- [RECORDED DATA]
--- START ---

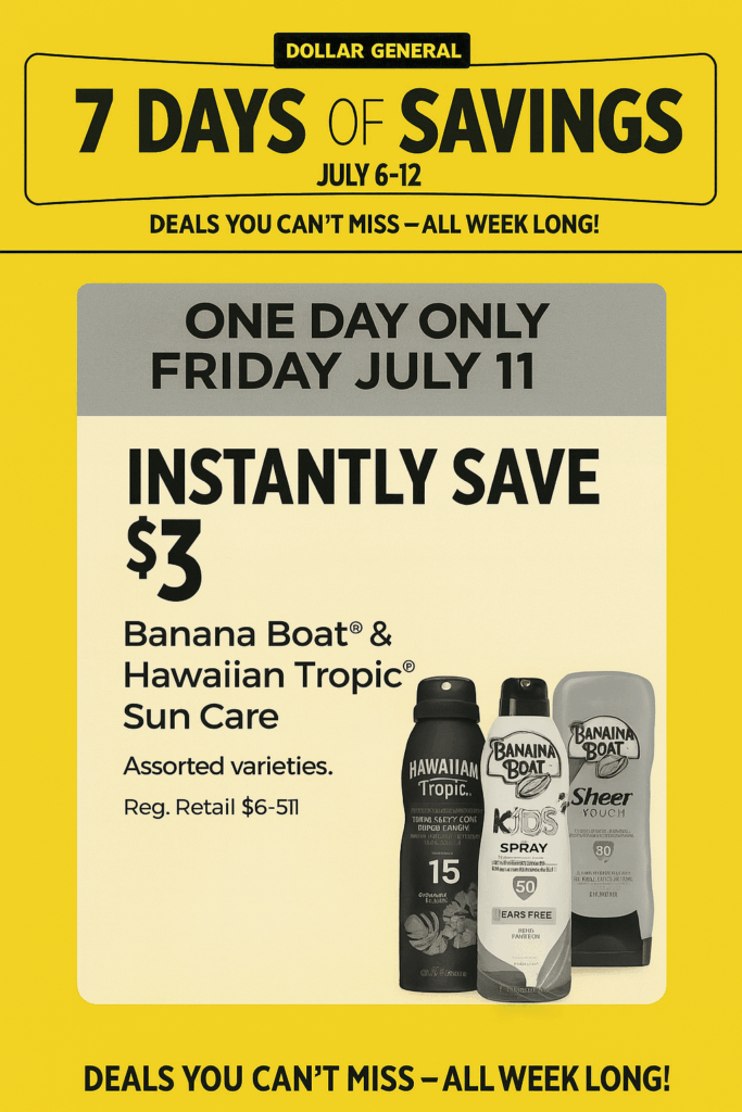 As summer heats up, Dollar General’s got you covered with deals on sun protection and cooling solutions. On Friday, July 11, save instantly on Banana Boat and Hawaiian Tropic sun care products. You’ll get $3 off these trusted brands, with regular prices ranging from $6 to $11. It’s the perfect time to stock up on sunscreen for your beach days or backyard barbecues.
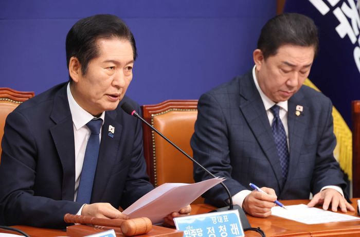 정청래 민주당 대표는 24일 국회에서 열린 최고위원회의에서 "더 이상 국민을 기만하는 행위는 용납될 수 없다. 무관용의 원칙으로 12·3 불법 계엄 내란 잔재를 확실하게 청산하겠다"며 이같이 밝혔다.
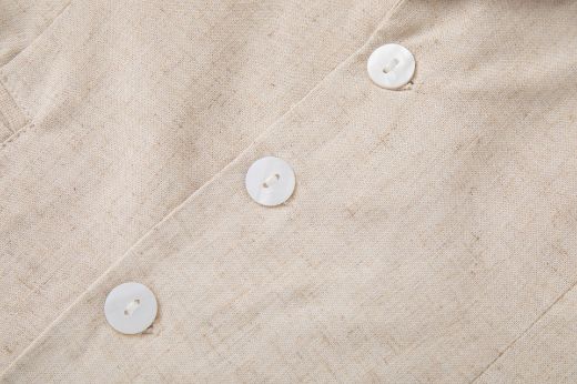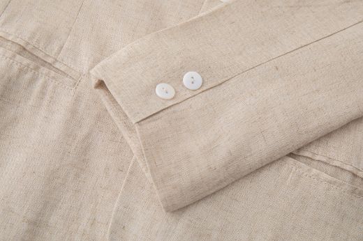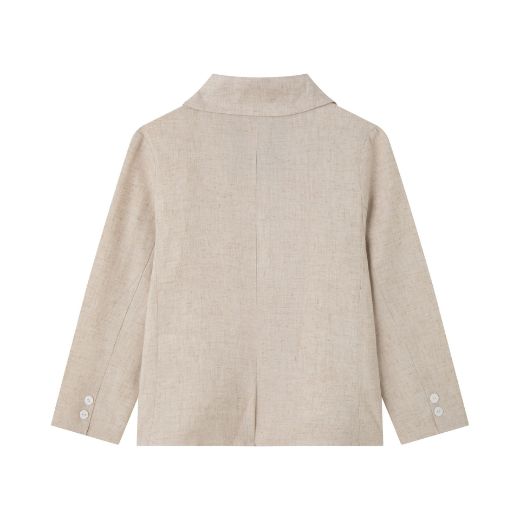 Chaqueta de traje, en tejido de lino y viscosa. Cuello tipo smocking. Detalle de falso bolsillo con vivo.
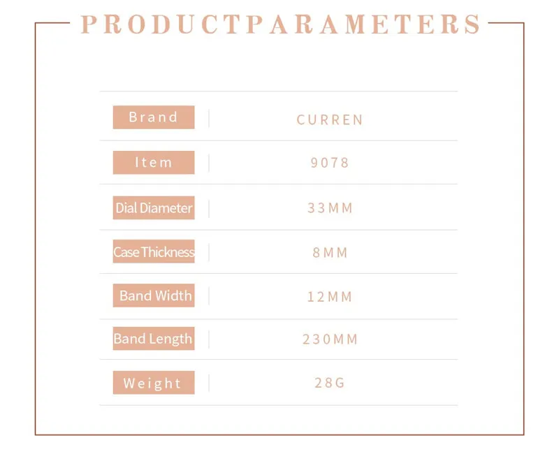 - Water Resistant: 3 ATM (for daily use, cannot put into water or shower or swimming)
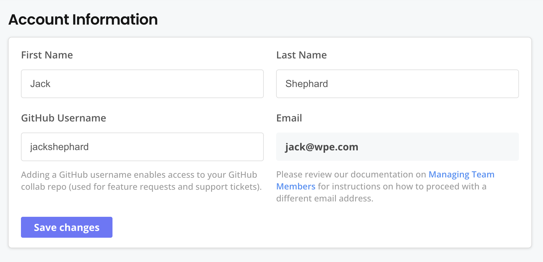 Instruct each Vendor Portal team member to add their GitHub username to the Account Settings page in the Vendor Portal.
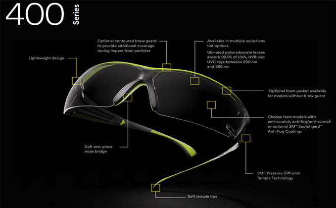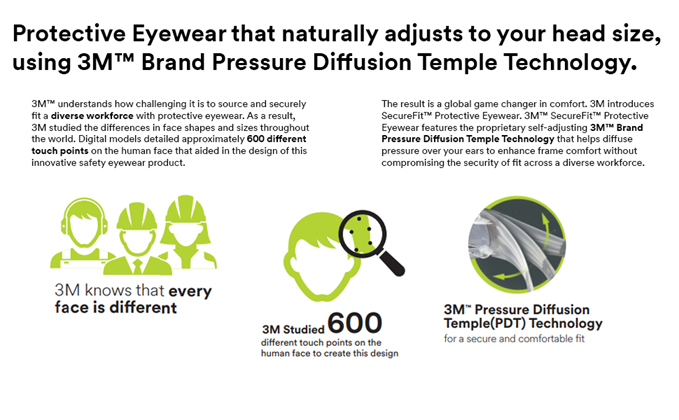 3M SecureFit Protective Eyewear is designed to diffuse pressure over the ears through 3M’s proprietary Pressure Diffusion Temple Technology. The glasses automatically adjust to the head and facial features of the wearer. Weighing less than 1 ounce, the durable, snug fitting, flexible nature of SecureFit offers a more comfortable and personal fit than old fashion “one size fits all” glasses. The snug fit also keeps the glasses securely in place as the wearer looks up and down or side to side, eliminating the need for frequent repositioning. The anti-fog coating on the lenses helps reduce the chances of fogging in hot and humid environments. Removable foam lined gasket helps keep debris out of your eyes while providing comfort and cushioning. Meets the High Impact Requirements of CSA Z94.3-2007 and the High Impact Requirements of ANSI Z87.1-2020.
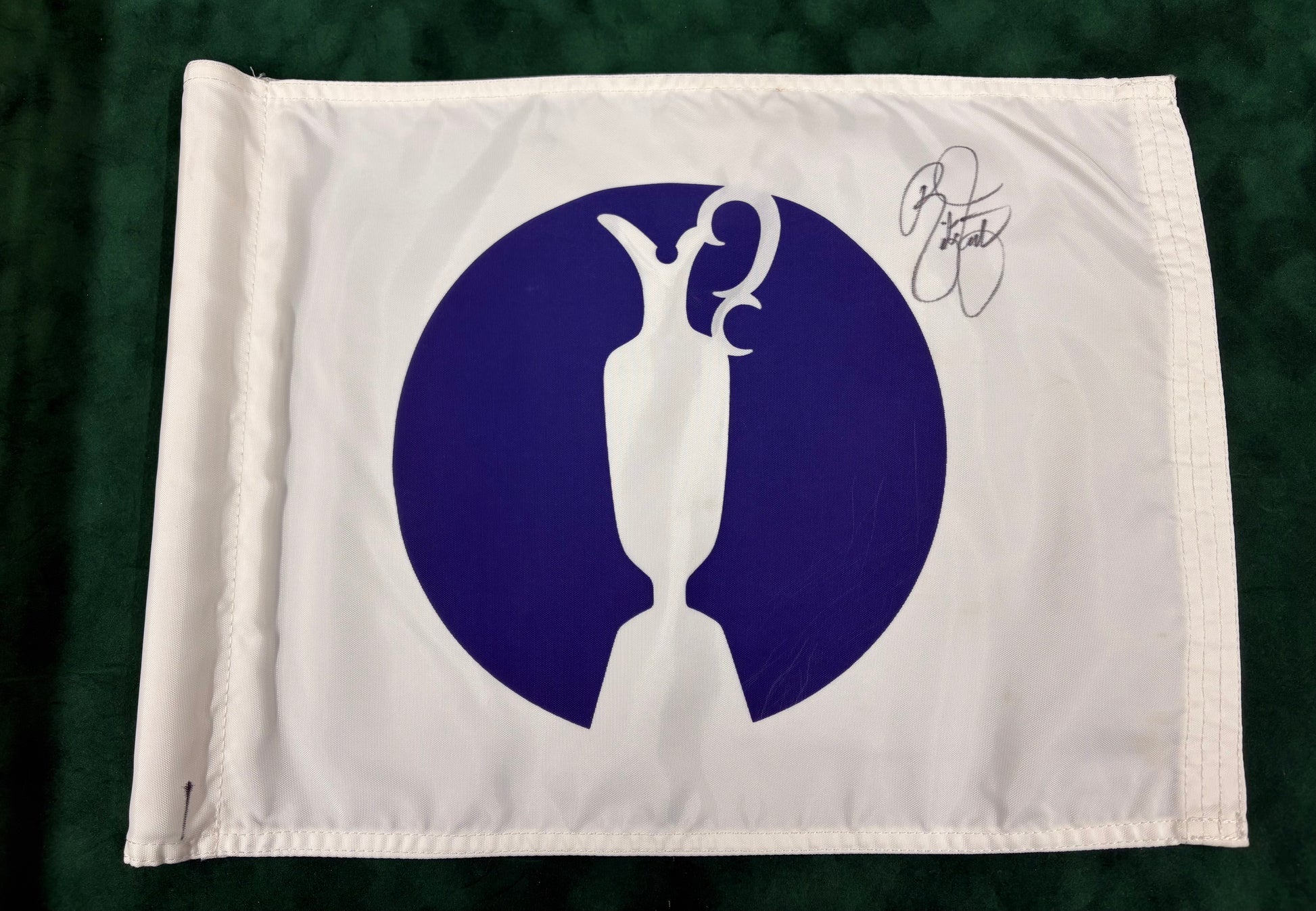 This rare Open Golf Flag is personally signed by golf pro Rickie Fowler and was used during a practice round at the Open. It is accompanied by a COA. A must-have for any golf enthusiast, this flag serves as a unique piece of memorabilia that showcases Fowler's skill and dedication. Own a piece of golf history with this one-of-a-kind item.
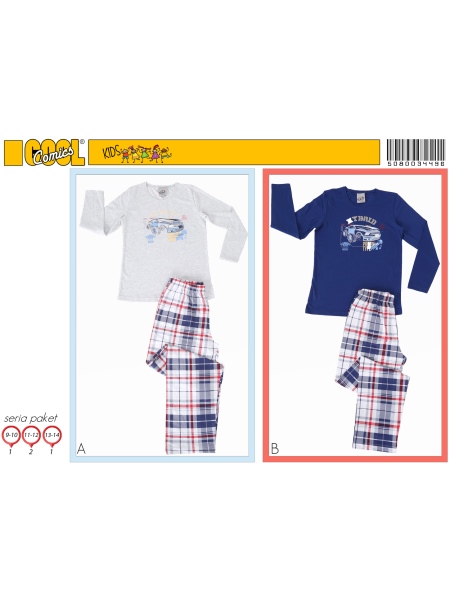 ERKEK ÇOCUK P.SÜPREM O YAKA YAKASI DİBARİ TAKMA KOL PİJAMA TAKIMI (9/10--13/14 --15/16 TÇİFT BASK - 5080034496
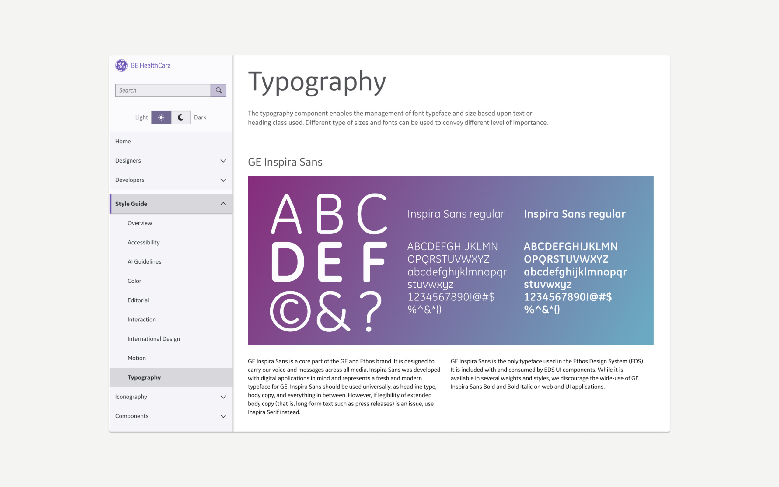 Typography plays a fundamental role in maintaining a cohesive user interface (UI) design. The Edison Design System (EDS) uses a single typeface, GE Inspira, across all GE HealthCare applications and websites. This contemporary and versatile font is integral to GE HealthCare branding and is integrated into EDS components.

--- END ---

- [ACTIVITY]
Please copy the lines above exactly, starting at the line that holds "- Water Resistant: 3" and ending at the line that holds "Instruct each Vendor"; include both, but no pictures.

- [FINISHED EXERCISE]
 - Water Resistant: 3 ATM (for daily use, cannot put into water or shower or swimming)
 Instruct each Vendor Portal team member to add their GitHub username to the Account Settings page in the Vendor Portal.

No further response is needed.